The Senator and the Priest
Page 19
The vast mound which was Richard “Poor Richard” Yardley from Oklahoma rose unsteadily at his desk. Dressed in western boots, a snow white “Western” suit that Cowboys might wear to court pretty ladies from the East, a string tie, but not wearing his cowboy hat, Poor Richard started to drink at noon every day, was incoherent at the Thursday Republican caucus lunch, and slept most of the time when he was in the Senate chamber. He was a figure of fun even among his fellow Republicans, but he still had one percent of the vote in the United States Senate.
“The Senator has already finished his allotted time, Senator.”

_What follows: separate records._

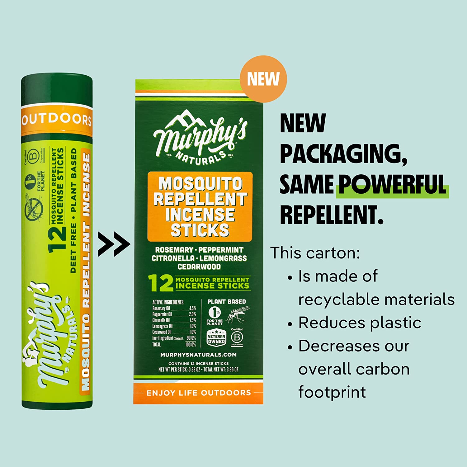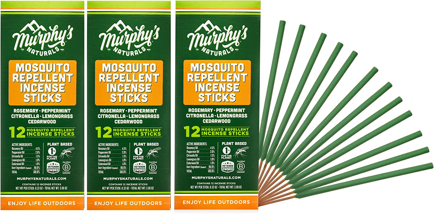Murphy's Naturals Mosquito Repellent Incense Sticks | DEET Free with Plant Based Essential Oils | 2.5 Hour Protection | 12 Sticks per Tube | 3 Pack
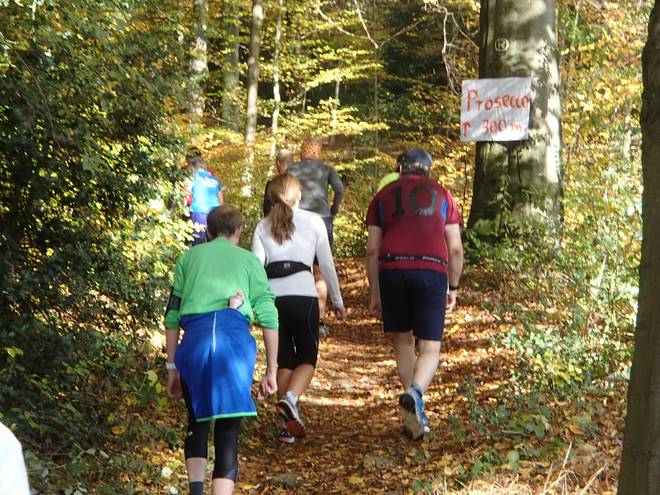 Grund / Oelingrath 10.27 Uhr / Km 17,5 Dafür gab es oben aber auch wie versprochen Prosecco. Zwar nur einen Fingerhut voll, aber immerhin. |
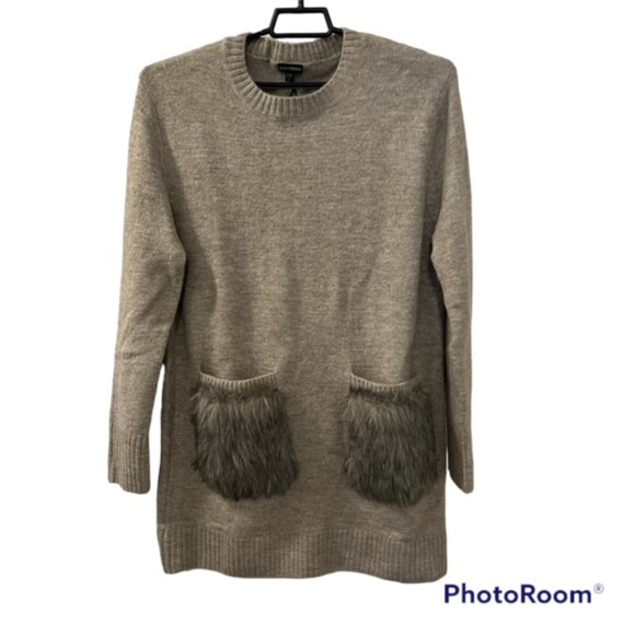 NWT Coco + Carmen Ribbed Hem Faux Fur Pocket Knit Sweater Tunic Top Dress L/XL
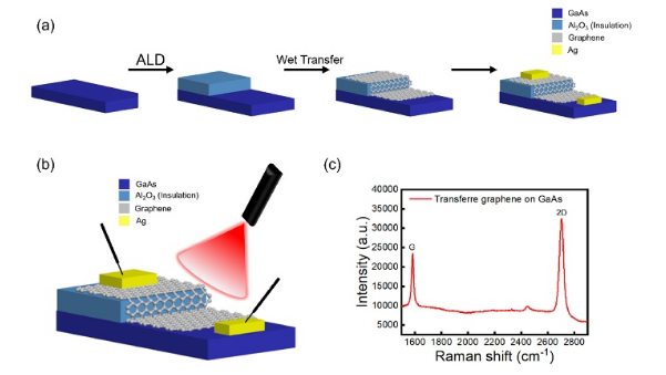 圖1. (a)石墨烯/GaAs光電探測(cè)器的制作流程圖。(b)石墨烯/GaAs光電探測(cè)器測(cè)試圖。(c)石墨烯在GaAs上轉(zhuǎn)移的拉曼光譜。
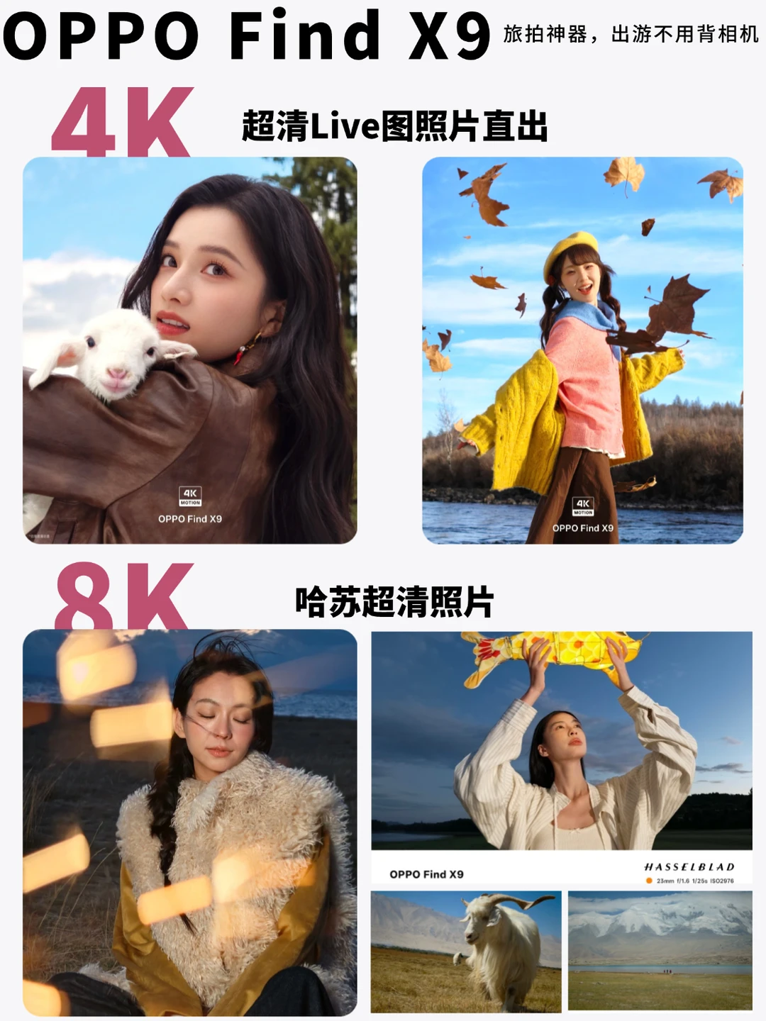 哈苏超清四摄,继承了Ultra级丹霞色彩还原镜头,质感满满!不但能直出8K超清照片,4K 实况直出也是从拍摄到分享全链路高清,旅拍时还能拼个实况图时间线,故事感直接拉满,直接揣着手机就能出片,谁还扛着相机打卡啊,妥妥用这台旅拍神器直接搞定!出游再也不用带相机!
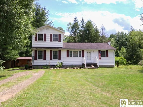 Looking for a little room to spread out in the Frewsburg School district? This 3-bedroom house sits on approximately 1.4 acres. The sellers heat the house with the pellet stove, there is a propane forced air furnace as well. The sellers put in a new sand filter septic system 3 years ago and around the same time had the electric service updated to a 200 amp service. The first floor has 2 bedrooms and a full bath and the second floor has the master bedroom. There is enough room on the second floor to put in a bathroom if you want. There is a nice-sized porch on the back that overlooks a quiet backyard. There is a fire ring in the backyard for having campfires. The shed is staying and is where they keep the pellets for the pellet stove. Have a Plan!
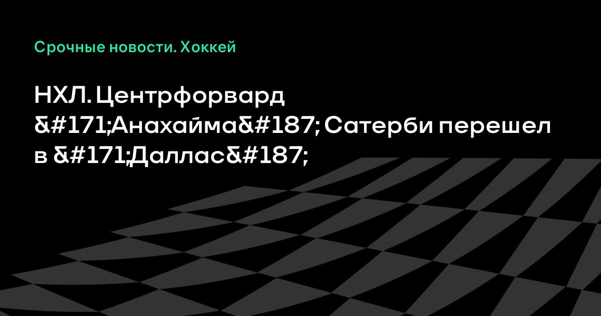 НХЛ. Центрфорвард «Анахайма» Сатерби перешел в «Даллас»
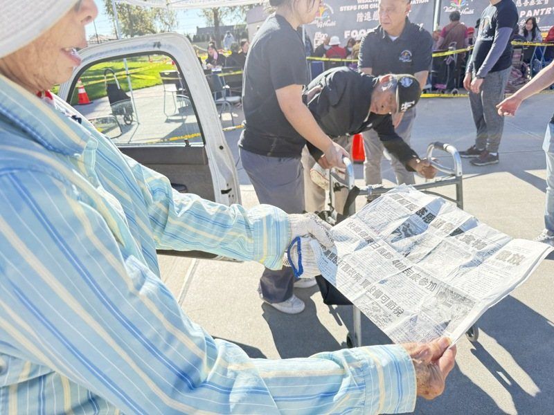 陪同沈先生前来的朋友,是一名年长女士,她拿出一张世界日报,指着其中一篇报导说,近日看到新闻,才知道这里可以领取免费食物。该女士希望义工给沈先生一份食物,也请求可以给她一袋。
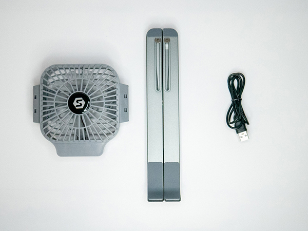 冷却ファンを外して折りたたむとコンパクトになるため、鞄に入れて単独で持ち歩く用途にも便利。ファンの電源はUSB接続で供給でき、製品には冷却ファンのほかに約66cmのUSBケーブルも同梱されている。折りたたみ時の本体サイズは45(幅)×235(高さ)×34(奥行)mm、使用時の幅は最大171mm、フレームの重量は約235gで、冷却ファンの重量は約99g。
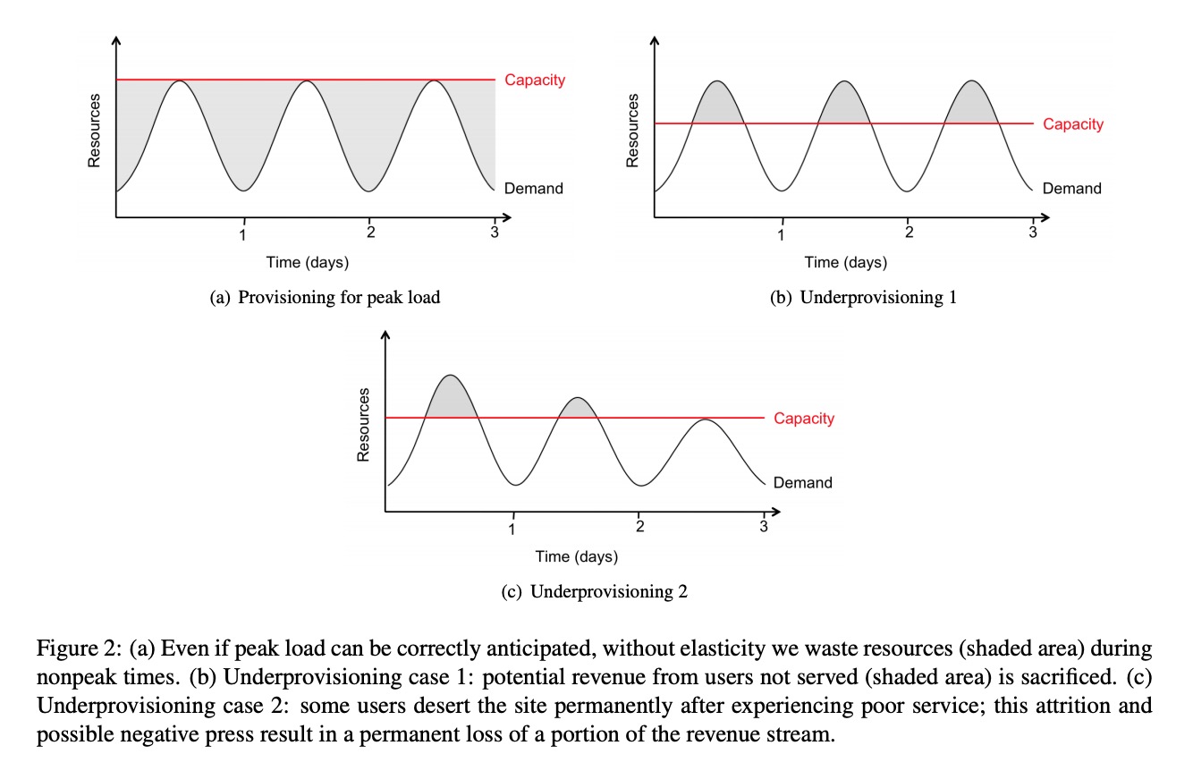 实际上,数据中心服务器的利用率一般只有 5%到 20%,因为需求峰值通常超过平均值 2 到 10 倍,而应对需求高峰的唯一方法就是提前预配资源。但并非所有的需求高峰都能提前预知,比如新闻事件引发的需求爆发,此时云计算所提供的资源弹性尤为重要
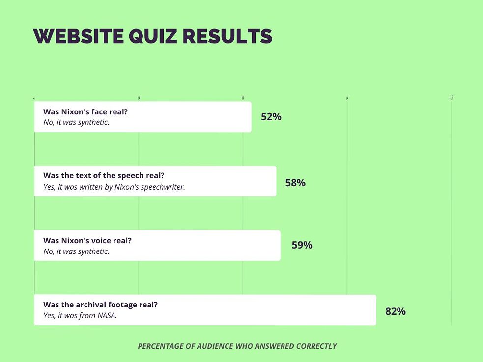 The data also hints at a question we asked ourselves throughout the project: could the impact of the project be harmful? Could we inadvertently trick our audiences? Were we adding to moon landing conspiracy theories? And is it ethical to try to manipulate people into believing something that isn't true even if you reveal your motives and methods after the fact?Perhaps it was in the semantics - if we called our piece a work of "synthetic media" instead of a "deepfake", could we switch from being a problem to being part of the solution?

“I demand a Senator’s right to respond.”
“Two minutes, Senator.”
I remained standing.
“These illegal criminals belong in jail, that’s where they belong. Why are we giving them illiterate vermin the right to come into our country, take our people’s jobs, send American money home to their vermin families in Mexico, and ruin our country? We should horsewhip them all and send them back to where they belong, that’s what we should do. We should shoot them on sight at the border, that’s what we should do. If we don’t protect our borders, this won’t be America any more.”
He babbled on for five more minutes—the C-SPAN camera grinding away and the members growing restless. I wondered if anyone from Oklahoma was watching. Would they be ashamed of him or proud? Bobby Bill Roads who had doubtless poured millions into his campaigns would surely be very proud.
The President Pro Tem touched the handle of his gavel to his desk, a gentle hint. Poor Richard became more incoherent on the subject of vermin, but did not take the hint.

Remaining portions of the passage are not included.